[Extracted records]
___
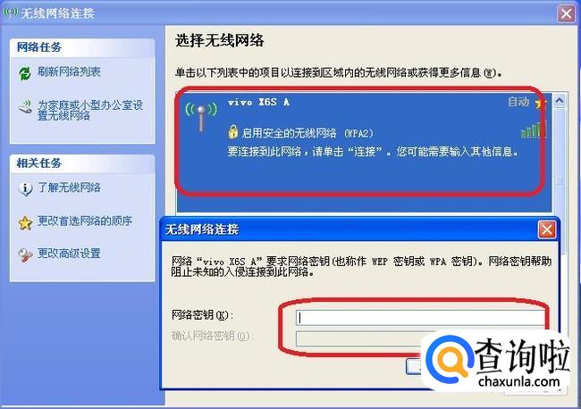 打开笔记本的“无线网络连接”,刷新一下就看见共享网络了,点击一下,输入两遍密码,点击“连接”。
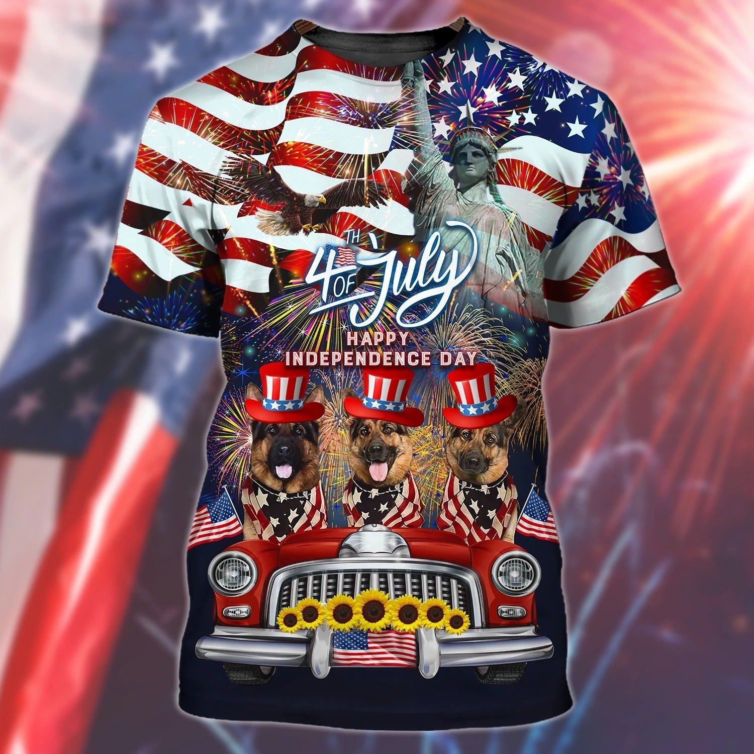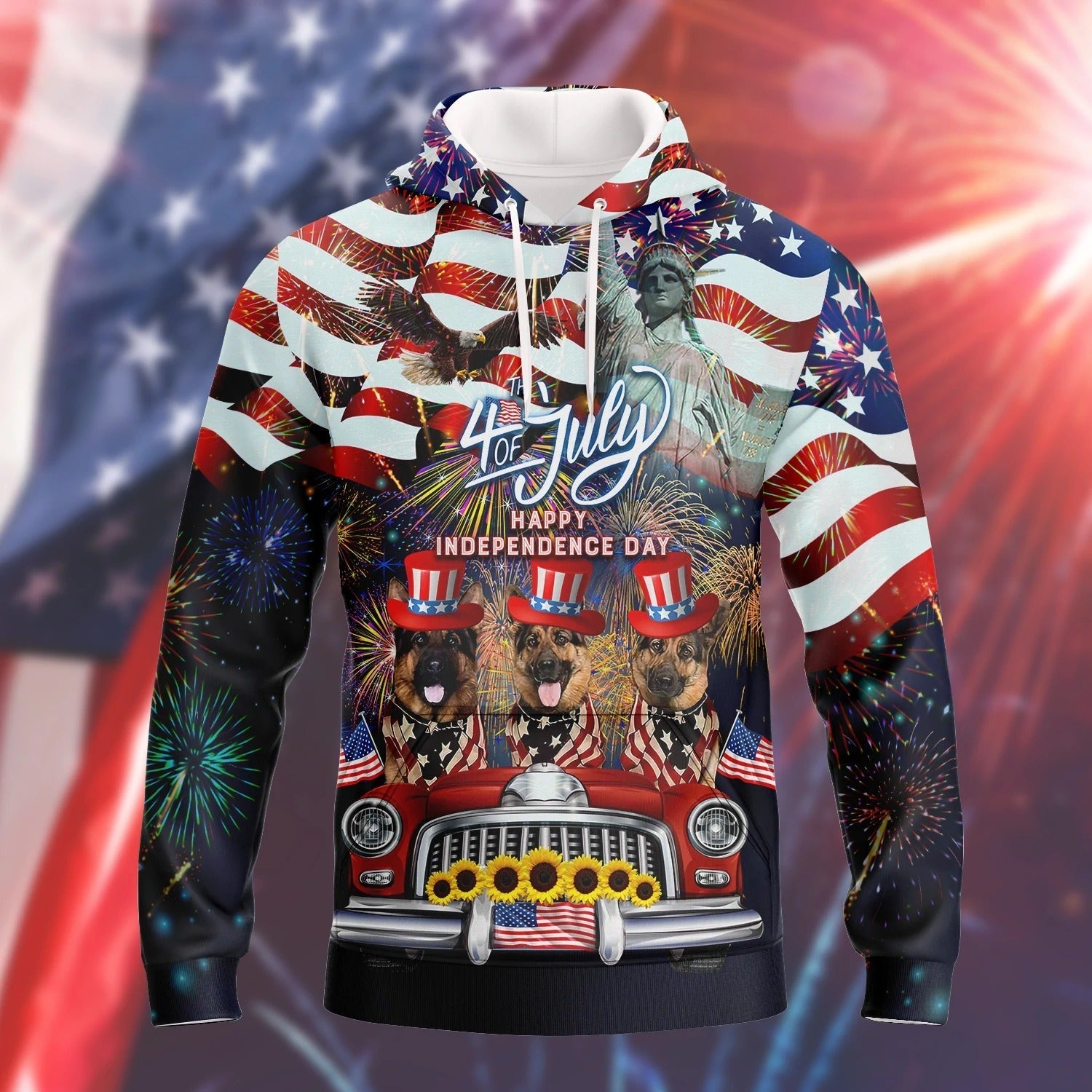 German Shepherd American Hawaiian Shirt - Independence Day Is Coming 3D All Over Print T Shirt - 4Th Of July 3D Hoodie TO0167
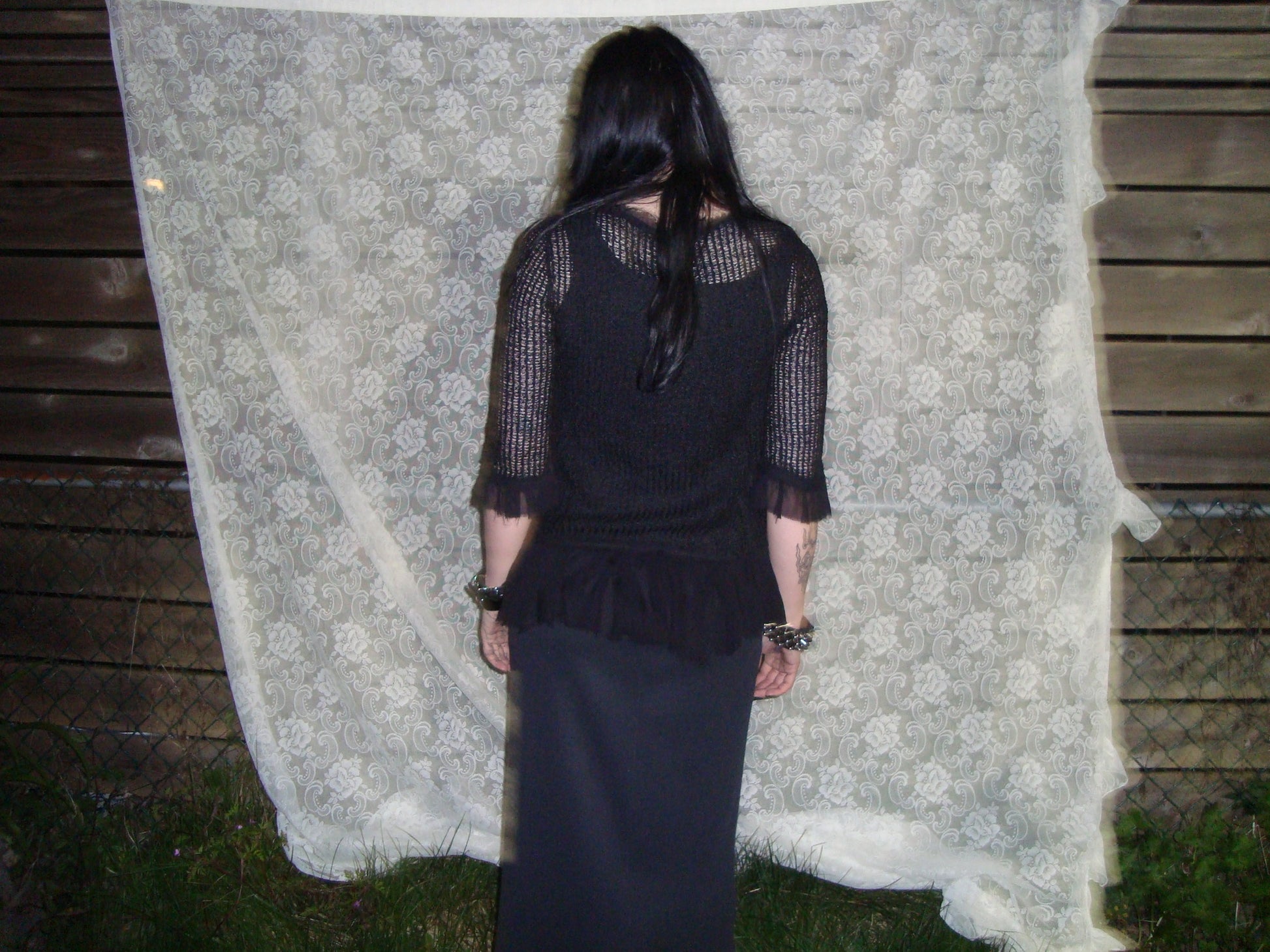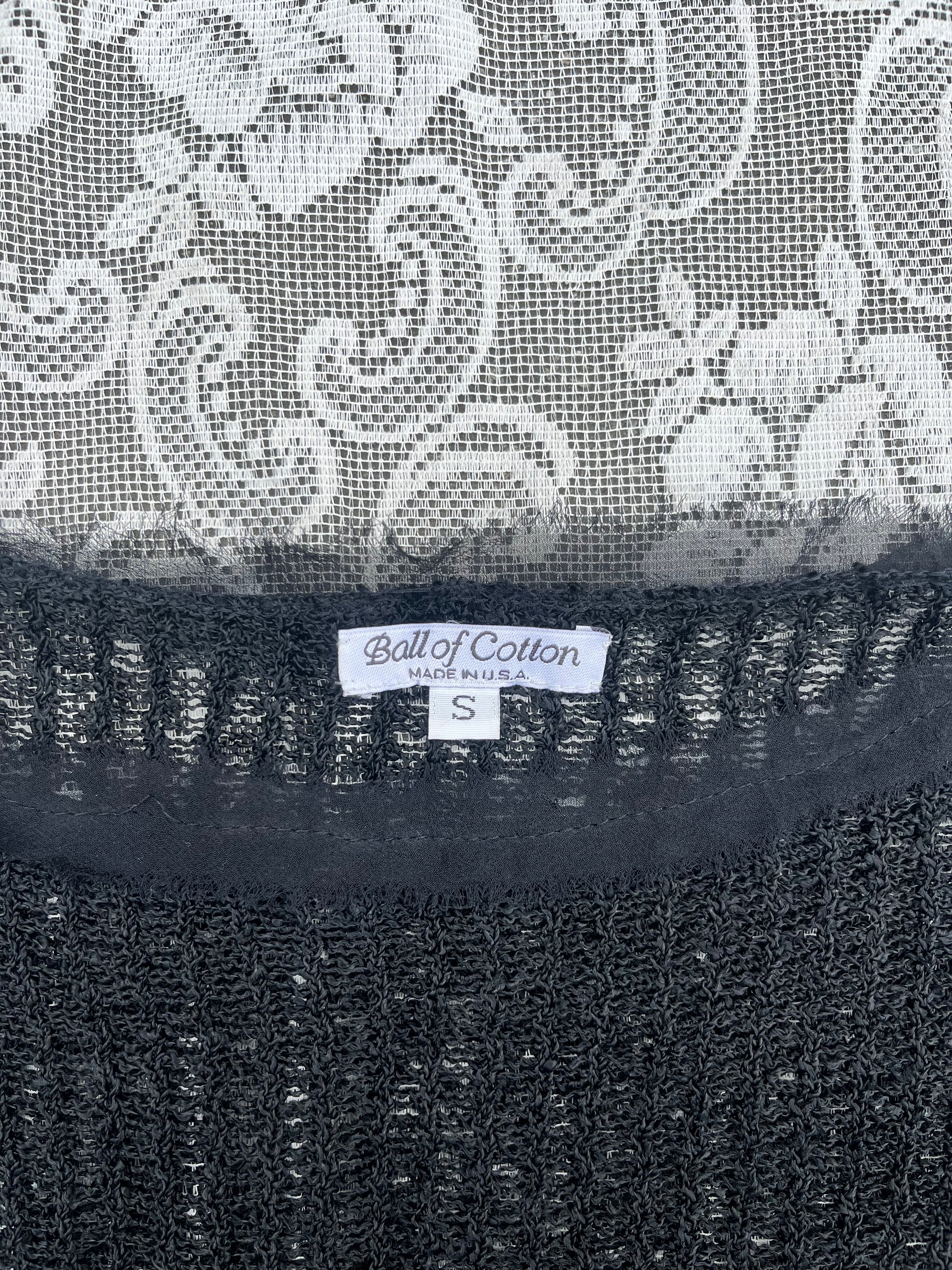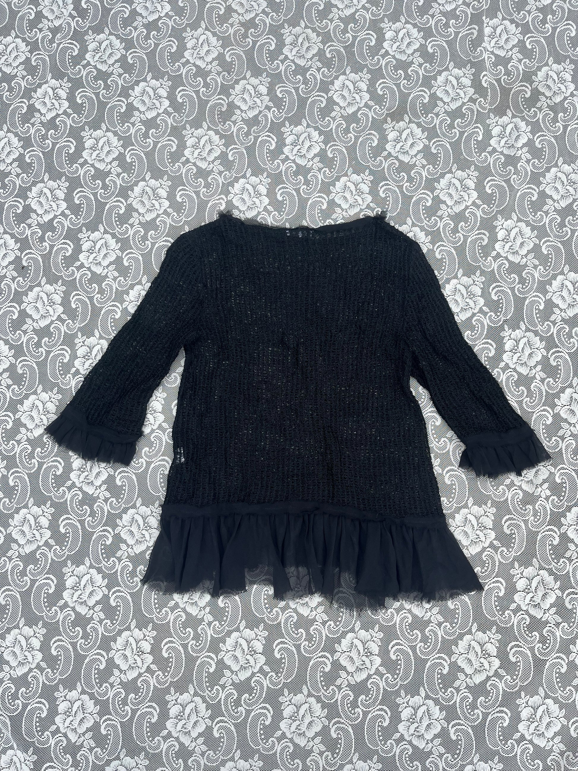 black loose knit mesh ruffle blouse
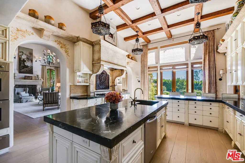 The Leonard Estate stands as the most important legacy property on the Westside – an extraordinary Italian villa of rare scale and pedigree, available once in a generation. Envisioned by world-renowned architect Richard Landry, this Florentine-inspired masterpiece was crafted with only the finest materials and exudes timeless elegance. Perched on nearly two acres of expansive, park-like grounds within the prestigious Palisades Riviera, the estate is hidden behind double gates, towering hedges, and a long private driveway, ensuring complete privacy and security. The ivy-clad facade opens to a grand motor court and sets the stage for over 16,700 square feet of exquisitely designed interiors. Vaulted ceilings, generous proportions, and seamless indoor-outdoor flow create a setting that is equally suited for intimate living or entertaining on a grand scale. The main residence features a dramatic two-story family room, a refined formal living room and dining room, a solarium, a gourmet kitchen with professional appliances and center island, and multiple wings devoted to leisure and entertaining, including a screening room, media room, and gym. There are seven bedrooms in total, with the primary suite serving as a private retreat offering a fireplace, spa-like bath, dressing rooms, and a terrace overlooking breathtaking ocean, canyon, and mountain views. The grounds are a world unto themselves: a sun-drenched oval pool and spa, lit tennis court with viewing pavilion, rolling lawns, meadow, putting green, and lush gardens framed by mature trees. A full two-story guesthouse adjacent to the pool includes a kitchen and guest accommodations, ideal for hosting visitors or poolside gatherings. The Leonard Estate is a true world-class residence that combines European romance with modern luxury, offering both sumptuous and serene living on one of the Riviera’s most coveted streets.
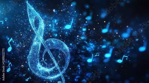 Wall mural : Shimmering treble clef with floating musical notes and sparkles
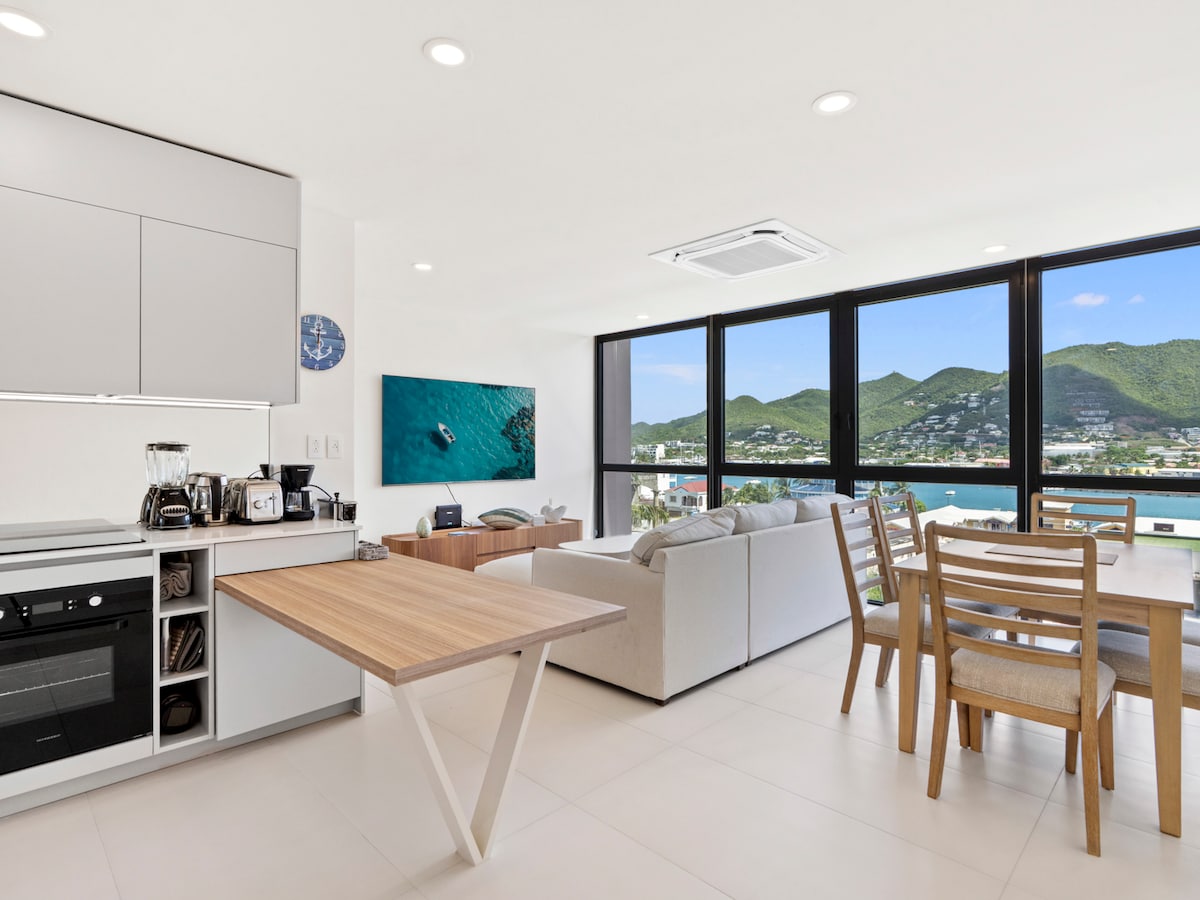 Despierta con la magnífica vista panorámica de la laguna en el último piso, rejuvenece tu cuerpo con un refrescante chapuzón en la piscina infinita privada de la azotea con un café o bebida tropical. Date un paseo de 10 minutos hasta la famosa playa de la bahía de Mullet y toma unos cuantos cruasanes franceses junto a la plaza. Después del atardecer, disfruta de los abundantes bares y restaurantes del vecindario o toma 5 minutos en coche hasta Maho, donde encontrarás una gran variedad de restaurantes, casinos y clubes o Porto Cupecoy para el lugar romántico.
___
● **Exercise prompt**: Transcribe, word for word, the stretch of lines in the data above from the one with "German Shepherd American" through the one with "black loose knit mesh ruffle blouse"; omit all pictures.

● **Output of the exercise**:
 German Shepherd American Hawaiian Shirt - Independence Day Is Coming 3D All Over Print T Shirt - 4Th Of July 3D Hoodie TO0167
 black loose knit mesh ruffle blouse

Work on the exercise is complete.